/---

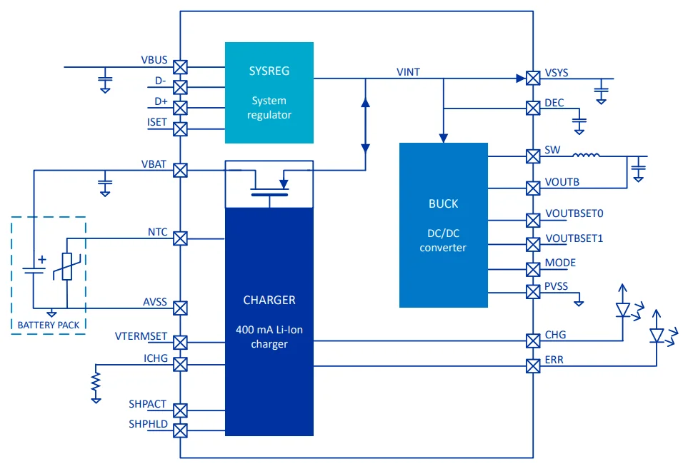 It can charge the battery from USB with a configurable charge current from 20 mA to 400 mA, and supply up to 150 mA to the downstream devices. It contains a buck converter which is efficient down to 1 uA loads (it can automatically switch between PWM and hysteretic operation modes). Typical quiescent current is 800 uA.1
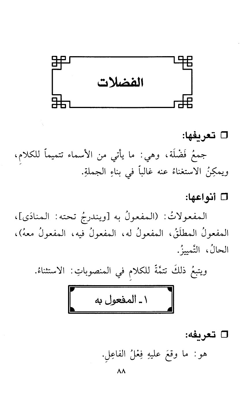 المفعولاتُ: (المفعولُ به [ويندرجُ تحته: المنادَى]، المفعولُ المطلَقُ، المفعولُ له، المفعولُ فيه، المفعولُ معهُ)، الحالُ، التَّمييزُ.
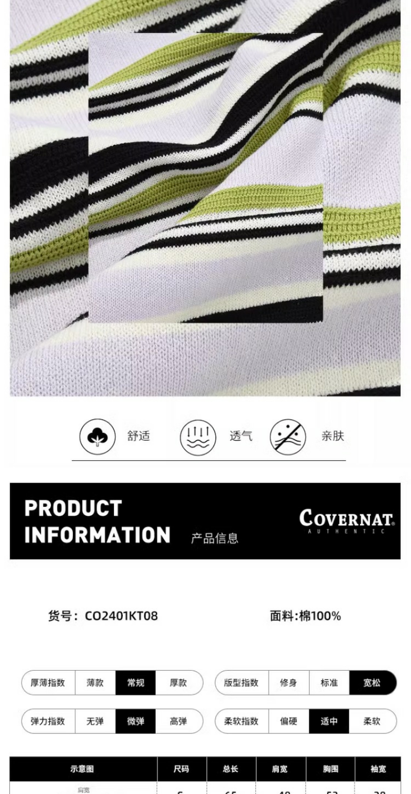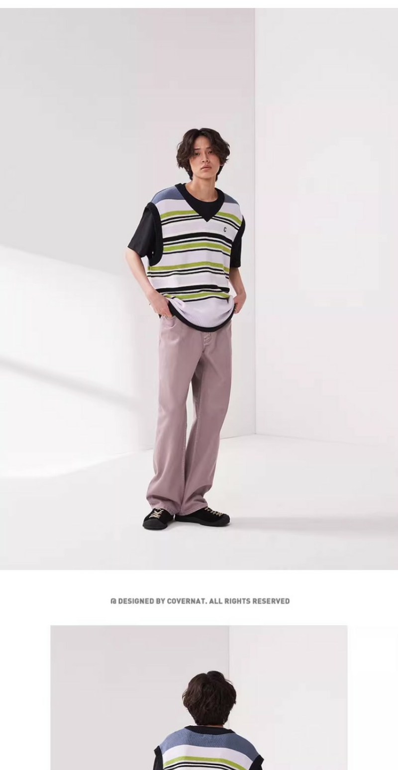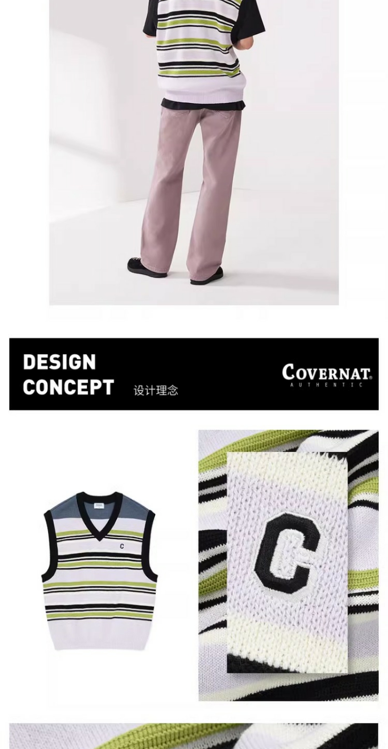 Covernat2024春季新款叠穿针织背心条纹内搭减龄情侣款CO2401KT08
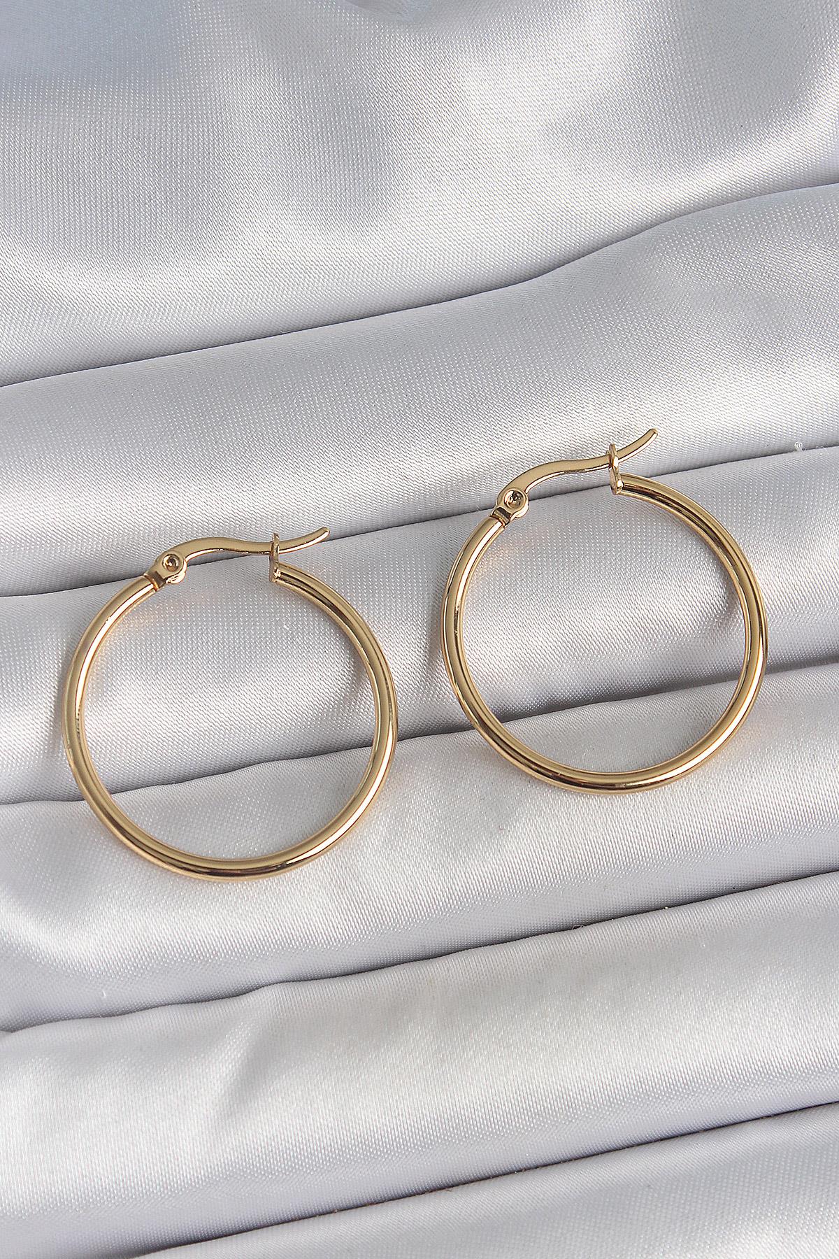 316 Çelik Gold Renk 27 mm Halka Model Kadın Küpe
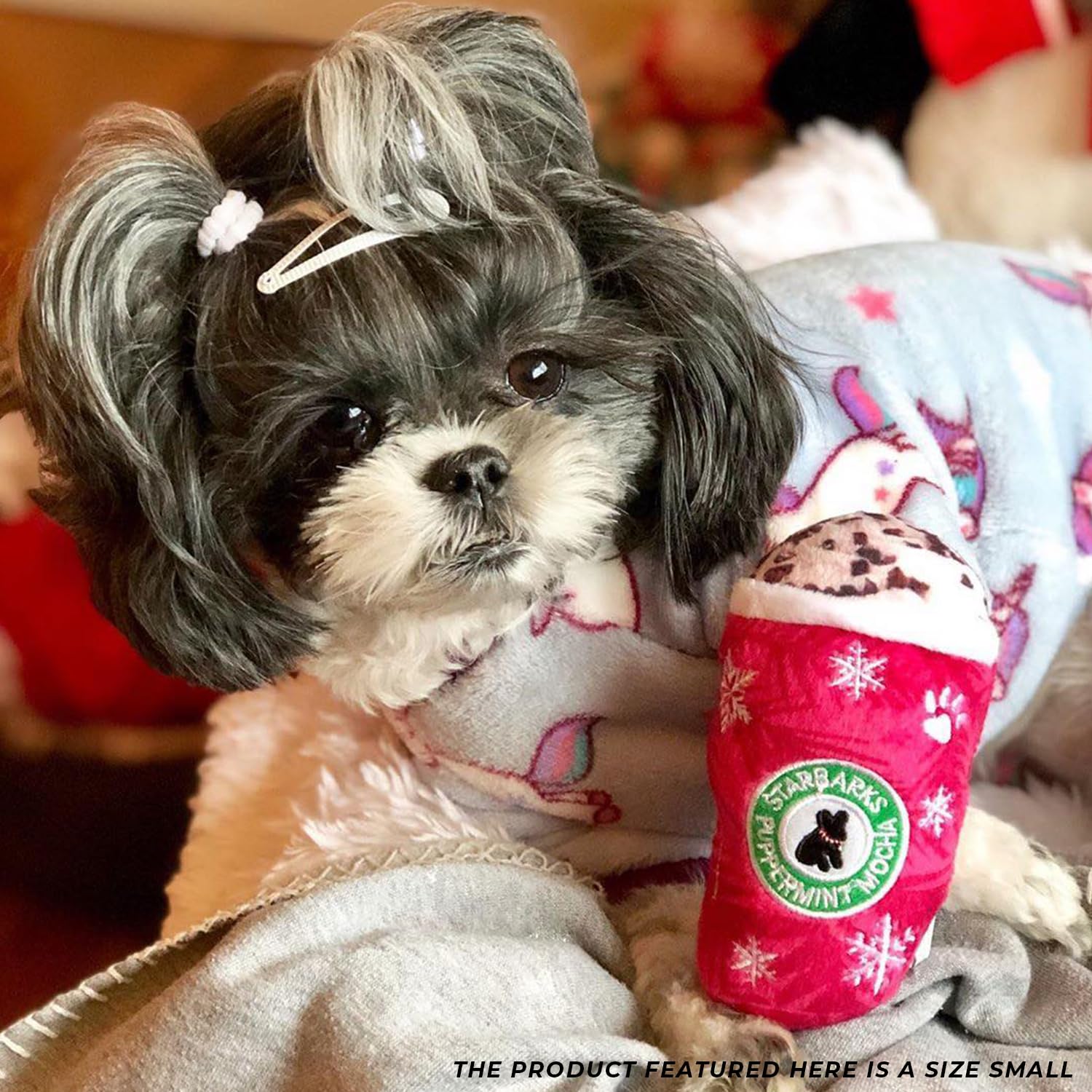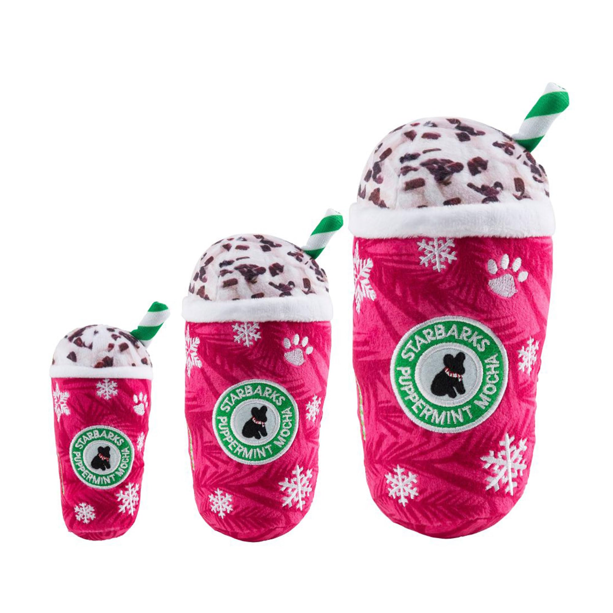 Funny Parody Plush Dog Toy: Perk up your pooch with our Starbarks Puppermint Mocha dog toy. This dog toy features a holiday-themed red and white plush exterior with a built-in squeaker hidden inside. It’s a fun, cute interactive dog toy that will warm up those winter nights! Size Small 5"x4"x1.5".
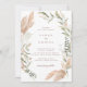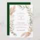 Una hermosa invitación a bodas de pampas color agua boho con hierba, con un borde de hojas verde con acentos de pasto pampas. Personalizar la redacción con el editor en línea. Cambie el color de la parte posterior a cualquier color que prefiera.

\---

* INSTRUCTIONS TO FOLLOW *
Repeat each entry exactly. Pictures do not belong in the copy.

* OUTPUT FOR THIS EXERCISE *
 It can charge the battery from USB with a configurable charge current from 20 mA to 400 mA, and supply up to 150 mA to the downstream devices. It contains a buck converter which is efficient down to 1 uA loads (it can automatically switch between PWM and hysteretic operation modes). Typical quiescent current is 800 uA.1
 المفعولاتُ: (المفعولُ به [ويندرجُ تحته: المنادَى]، المفعولُ المطلَقُ، المفعولُ له، المفعولُ فيه، المفعولُ معهُ)، الحالُ، التَّمييزُ.
 Covernat2024春季新款叠穿针织背心条纹内搭减龄情侣款CO2401KT08
 316 Çelik Gold Renk 27 mm Halka Model Kadın Küpe
 Funny Parody Plush Dog Toy: Perk up your pooch with our Starbarks Puppermint Mocha dog toy. This dog toy features a holiday-themed red and white plush exterior with a built-in squeaker hidden inside. It’s a fun, cute interactive dog toy that will warm up those winter nights! Size Small 5"x4"x1.5".
 Una hermosa invitación a bodas de pampas color agua boho con hierba, con un borde de hojas verde con acentos de pasto pampas. Personalizar la redacción con el editor en línea. Cambie el color de la parte posterior a cualquier color que prefiera.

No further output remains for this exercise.